I did a parallel run of the two machines for 2 weeks and then dumped the T61! I only run the bare minimum of software in the XP environment and look for Mac solutions first before contemplating an XP one.
April 3rd, 2008 at 5:05 am
Interesting topic. I’ve been giving this some thought recently as well.
After 4 trips to the repair depot, I’ve almost given up on my Dell Inspiron. Dell just seems to have lost their way – and I am pretty sure they tripped up not only on quality – but by not offering fully configured hardware.
Remember how it used to be to buy a Dell?
It was damn near a “one click” experience. Dell rarely sold anything but beefy hardware.
At some point Dell started pushing this barebones crap. When I’d go to configure a machine advertised as $500 — it started to exceed $750 with just the bare minimum “upgrades” required to make it usable (memory, processor, disk size).
Fast forward to my recent MacBook Pro purchase (defection).
Upgraded the hard disk (the one area that I’m squeamish about swapping out in a laptop) — DONE.

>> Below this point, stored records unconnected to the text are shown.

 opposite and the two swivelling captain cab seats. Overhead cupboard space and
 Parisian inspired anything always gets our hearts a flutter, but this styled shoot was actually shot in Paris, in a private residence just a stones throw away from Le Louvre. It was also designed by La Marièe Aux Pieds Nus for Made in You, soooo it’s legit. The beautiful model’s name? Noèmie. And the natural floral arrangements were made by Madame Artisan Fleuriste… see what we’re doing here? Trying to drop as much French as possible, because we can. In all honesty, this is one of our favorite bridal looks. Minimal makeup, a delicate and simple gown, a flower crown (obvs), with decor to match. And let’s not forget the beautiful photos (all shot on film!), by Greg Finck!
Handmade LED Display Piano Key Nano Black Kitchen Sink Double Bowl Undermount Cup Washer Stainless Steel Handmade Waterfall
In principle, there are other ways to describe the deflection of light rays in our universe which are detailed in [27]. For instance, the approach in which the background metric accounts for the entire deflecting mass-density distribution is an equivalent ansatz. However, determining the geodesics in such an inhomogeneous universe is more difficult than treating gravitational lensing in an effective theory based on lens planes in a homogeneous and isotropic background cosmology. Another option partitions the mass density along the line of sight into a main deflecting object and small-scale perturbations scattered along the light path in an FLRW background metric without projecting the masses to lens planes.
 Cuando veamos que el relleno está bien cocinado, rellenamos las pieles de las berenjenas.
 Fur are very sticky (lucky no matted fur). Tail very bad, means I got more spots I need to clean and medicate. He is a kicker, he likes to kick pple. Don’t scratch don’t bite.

No confusing or misleading configuration (and yes I paid about twice what I’d have paid for a Windows machine)….boy do I hate bait and switch stuff that Dell seems to have ridden to (brief) earnings glory for several years ….

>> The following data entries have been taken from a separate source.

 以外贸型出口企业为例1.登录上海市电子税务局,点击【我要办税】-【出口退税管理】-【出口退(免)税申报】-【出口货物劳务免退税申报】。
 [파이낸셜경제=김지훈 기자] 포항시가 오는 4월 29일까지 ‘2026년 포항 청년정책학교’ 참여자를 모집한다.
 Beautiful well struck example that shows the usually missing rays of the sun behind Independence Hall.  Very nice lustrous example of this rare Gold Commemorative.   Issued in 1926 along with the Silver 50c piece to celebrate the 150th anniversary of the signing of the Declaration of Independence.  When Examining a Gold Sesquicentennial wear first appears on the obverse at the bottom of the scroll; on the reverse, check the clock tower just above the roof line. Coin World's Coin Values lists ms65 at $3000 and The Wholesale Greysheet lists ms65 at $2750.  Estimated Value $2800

When Windows came out with umpteen versions of Vista I just rolled my eyes. It was confusing to say the least. Then I started to get messages from my friends about how slow Vista was. How much the OS relied on very strong hardware.
If I knew that I could connect up effortlessly to my servers at work, I’d probably grab an iMac for my desktop. Heck, I may still do that.

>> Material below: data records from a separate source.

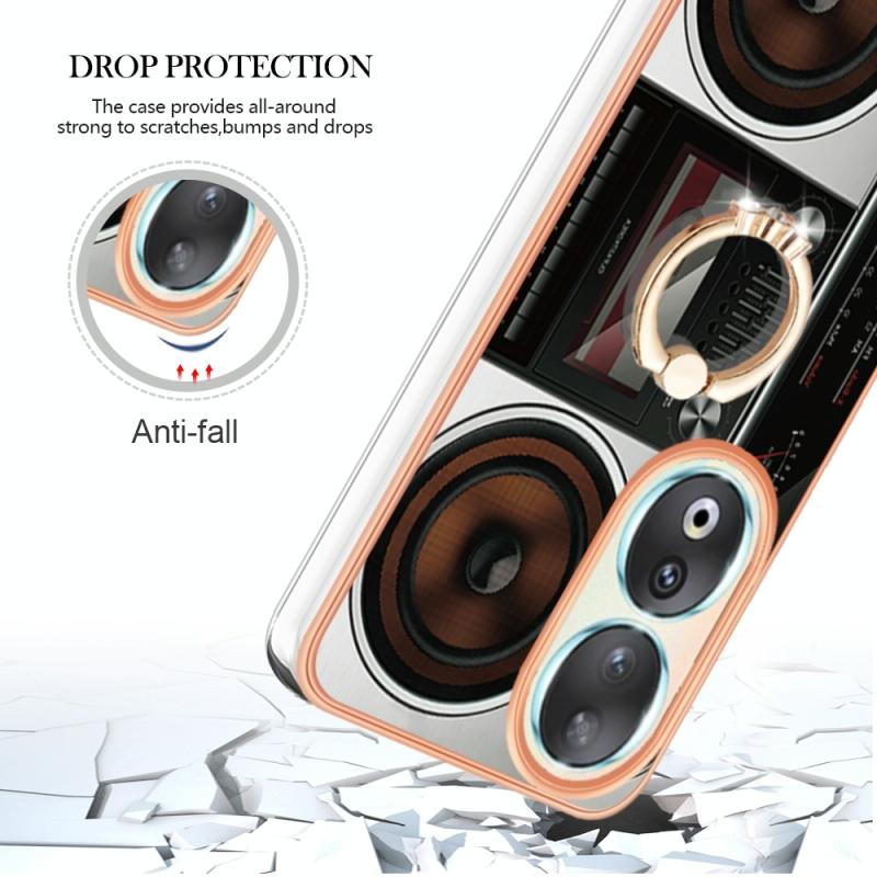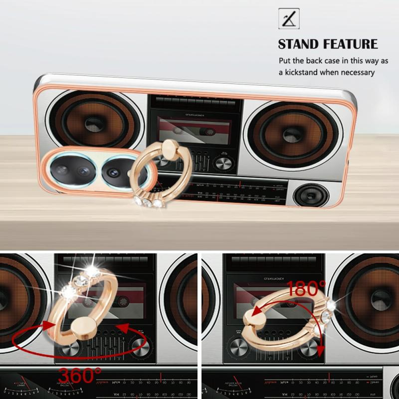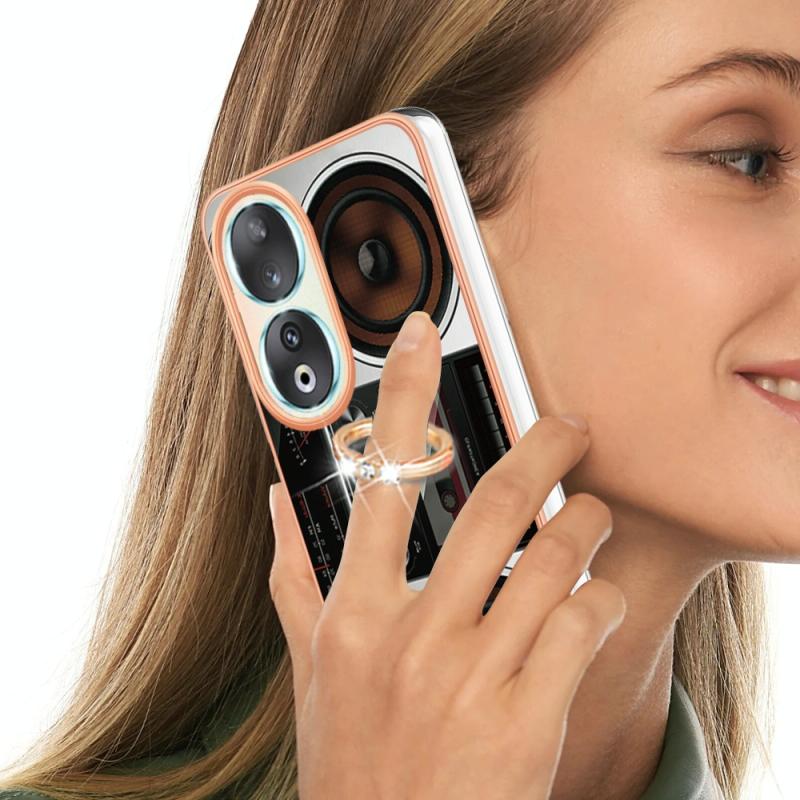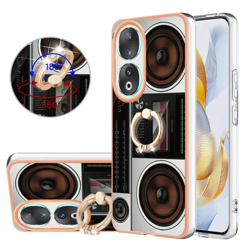For Honor 90 5G Electroplating Dual-side IMD Phone Case with Ring Holder(Retro Radio)
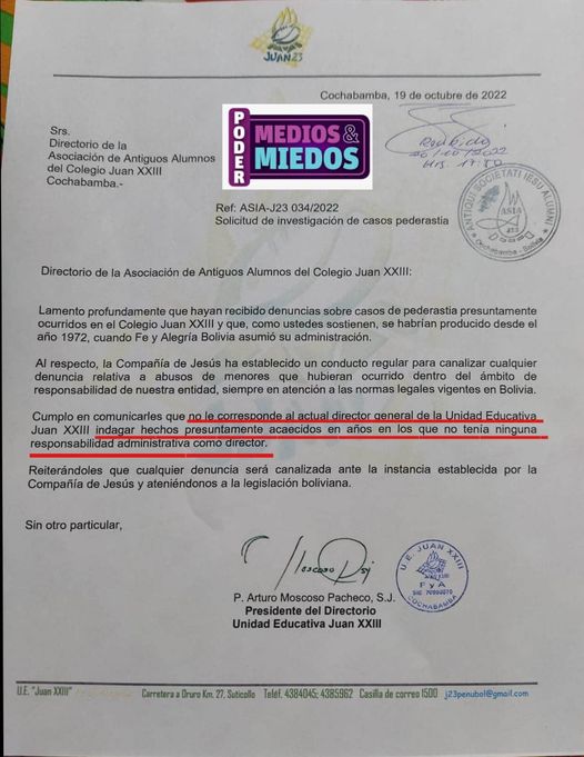 Exclusivo. Así negaron en la Compañía de Jesús (los jesuitas) investigar las denuncias de pederastia, ante el pedido de la Asociación de ex alumnos del Colegio Juan XXIII. Firma la negativa el padre Arturo Moscoso, actual director del Colegio San Ignacio de La Paz.
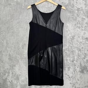 W by Worth Dress Womens 2 Black Genuine Leather Panel Sleeveless Sheath Modern
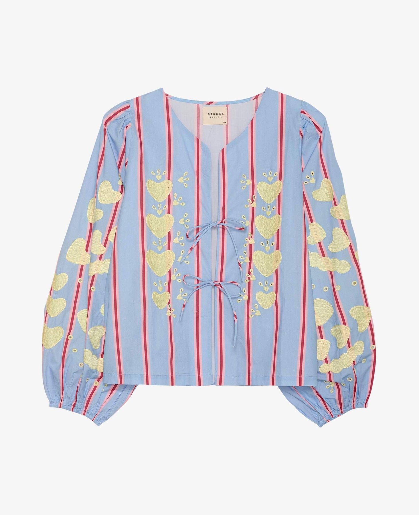 Lichtblau top van Sissel Edelbo met rode strepen en groene hartborduursels. De top is gemaakt van 100% biologische katoenpopeline met een open voorkant.
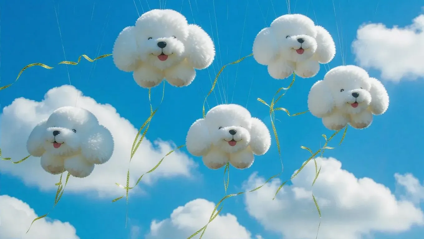 Fuzzy, cloud kites shaped like puppies with floppy ears and puffy tails flutter in the sky, each adorned with a shimmering gold ribbon trailing in a sparkling stream. Cherubic sky sprites giggle as they tug on the strings, making the kites perform flips and chase floating ice cream clouds.
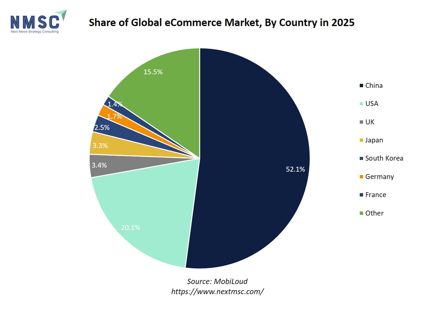 The pie chart depicts the global e-commerce market share by country in 2025. China dominates the market with a 52.1% share, accounting for over half of global e-commerce activity. The USA follows with 20.1%, while the UK and Japan contribute 3.4% and 3.3%, respectively. South Korea, Germany, and France hold smaller shares of 2.5%, 1.7%, and 1.4%, respectively. The remaining countries collectively represent 15.5% under the “Other” category.

With the Mac I have an OS that automatically backs up my data (Hello Windows – is that such a hard concept to grasp??).
Just like the iPhone came along and knocked every mobile phone on it’s ass with their far superior browser — leopard is waking up the competition.
I think Windows is too bloated and too far removed from anything innovative. We buy it as a commodity now. When the “Microsoft tax” gets too high – we start to look at options. That’s what people are doing now — nobody wants to keep paying taxes without feeling they are getting some service in return. That’s the lesson Microsoft needs to learn. I’m curious if they’ll learn that before it’s too late.
April 3rd, 2008 at 9:01 am
I had a similar experience a number of years ago which is why I became a “switcher”. I still run VMWare and WIndows XP for some things, but I’m primarily in OS X mode for most day-to-day things.
The cost differential concern is interesting, though. A recent report (I’ll have to go back and try to remember my source on it and report it here) stated that people thought that the cost of a Mac was something like half again as much to double that of a PC (as you mention, Wayne), but the reality right now is that the desktop difference for like hardware is only an average of 16% more, and for laptops it’s only 9% more. Again, I really have to find the source for that though, because, if accurate, it raises a couple of interesting thoughts:
One, that the perception continues to be vastly different than the reality, and
Two – whether it’s true or false, it hasn’t stopped Apple from capturing 21% of the market in the U.S. (I believe it was 9% worldwide).
These two things almost seem like they should be contradictory, especially for Americans who seem to have the “Walmart” bargain-basement mentality about most things.
So what’s going on here? I can’t buy that it’s all about the Apple marketing and hype machine. That only get’s you so far. There has to be something else about the experience that is carrying the market further.
In the end, what’s interesting about the report Chris mentions, is that the figures are actually higher than I expected given that Apple really doesn’t put a lot of effort into playing in the enterprise space, yet they have 8% of enterprise purchasers planning to go with OS X? Again – it can’t be from hype – Apple doesn’t even really market to them, but there it is.